What needs to be done:
Copy, please, the line with "ネイティブ系のシルバージュエ" and each line that follows it through the end of the data below, exactly as given and without pictures.
━━━ Dataset excerpt ━━━
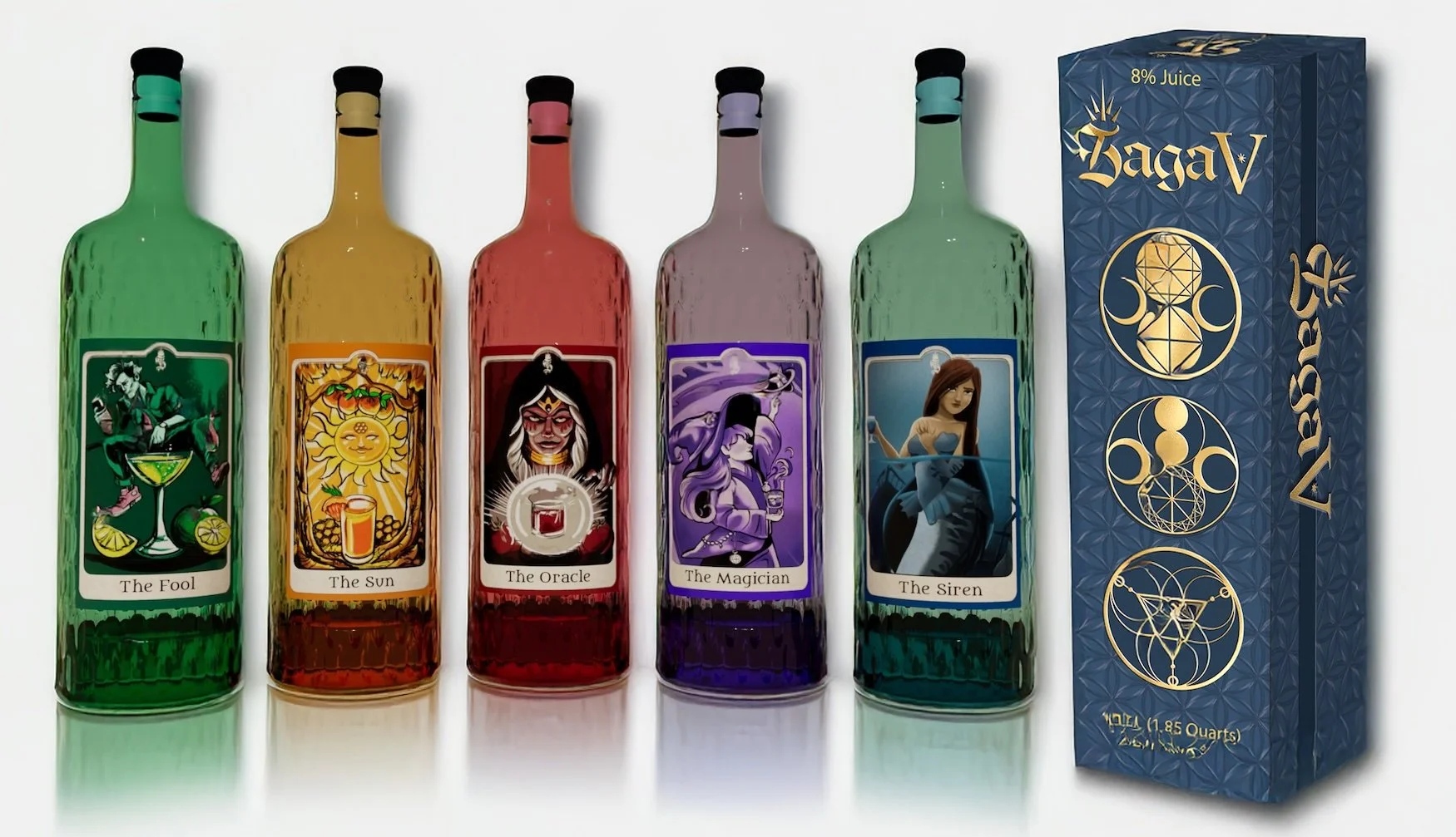This project was all about creating packaging that felt as meaningful as it looked. For Saga V, a tarot-inspired mocktail brand, the goal was to design something premium and intentional that still worked for a full-size 1.75L bottle. While my team focused on packaging, other groups worked simultaneously on branding, content, and web development to bring the product line to life. From early concepts to finished dielines, it became a process of figuring out how to turn a symbolic idea into a tangible, functional design that tied seamlessly into the larger brand vision.
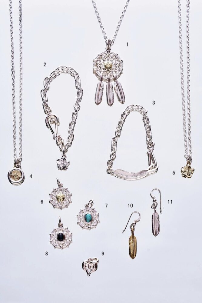 ネイティブ系のシルバージュエリーというと男性的なイメージが強いが、繊細な作りでエレガントな雰囲気が漂うファーストアローズ作品には、フラワーやドリームキャッチャーなど女性にも似合うモチーフも数多い。最愛のパートナーへの贈り物としても最適だ。
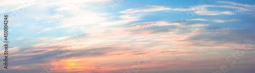 Obraz premium Beautiful sky with clouds at sunset, panoramic big shot. Background from the...
━━━
Written answer:
 ネイティブ系のシルバージュエリーというと男性的なイメージが強いが、繊細な作りでエレガントな雰囲気が漂うファーストアローズ作品には、フラワーやドリームキャッチャーなど女性にも似合うモチーフも数多い。最愛のパートナーへの贈り物としても最適だ。
 Obraz premium Beautiful sky with clouds at sunset, panoramic big shot. Background from the...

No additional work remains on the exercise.